[07:28:19] <elukey_>	 good morning!
[09:05:24] <moritzm>	 FYI, I'll start moving the  ml-etcd1* VMs to DRBD disk storage soonish (so that we're able to shuffle them around when the Ganeti servers in eqiad get reimaged to Buster)
[09:05:33] <moritzm>	 might increase latency slightly
[09:06:13] <moritzm>	 although I noticed that for codfw one of the nodes was never converted to "plain", but was on DRBD all the time and that doesn't seem to have caused prior issues either
[09:23:07] <elukey>	 moritzm: ack!
[09:36:05] <elukey>	 chrisalbon, klausman - o/ re: scoring cache - I have probably not a lot of context but I would be very reluctant in having a critical piece of the serving infrastructure not handled by us. Of course we trust 100% DE, this is not the point, it is more in SLO terms: I see very different requirements from what DE needs to guarantee and what we will have to with our serving layer. For training I am 100% 
[09:36:11] <elukey>	 onboard to integrate with DE as much as possible, and I'll push for it, but it is a completely different use case.
[09:37:14] <elukey>	 I am also a little confused about why DE would need to maintain a scoring cache service, since it is something tailored for us (do other service use a score cache other than ores-like systems?)
[09:44:42] <elukey>	 --
[09:45:17] <elukey>	 about the ores metrics, I found that "sum(increase(ores_response_total[5m])) by (wiki)" returns a nice breakdown of non-200 responses (you can test it via https://thanos.wikimedia.org)
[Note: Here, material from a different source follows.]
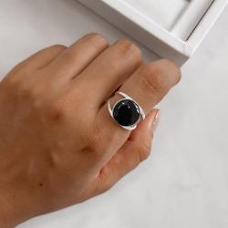 Descrição: Anel largo dois fios círculo resina fabricado(a) em prata
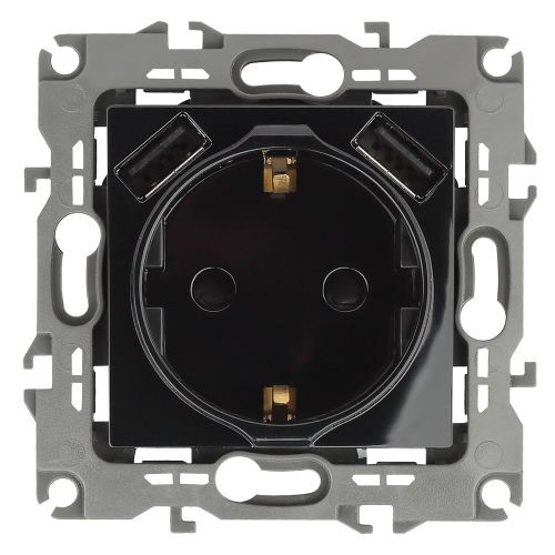 Розетка 16А 250В 2P+E с 2хUSB 5В-3А защ. шторки Эра12 черн. 12-4109-06 ЭРА Б0047845

[09:45:26] <elukey>	 that doesn't match with the scores errored though
[09:45:42] <elukey>	 (also the wiki label is used for http response codes, not great)
[11:45:30] * elukey lunch!
[14:21:21] <elukey>	 I am tcpdumping the port on ores1001 where statsd datapoints are sent
[14:21:23] <elukey>	 and I see
[14:21:24] <elukey>	 ores.ores1001.score_errored.wikidatawiki:1|c
[14:21:24] <elukey>	 ores.ores1001.score_errored.wikidatawiki.itemquality:1|c
[14:21:50] <elukey>	 (I am grepping fro score_errored)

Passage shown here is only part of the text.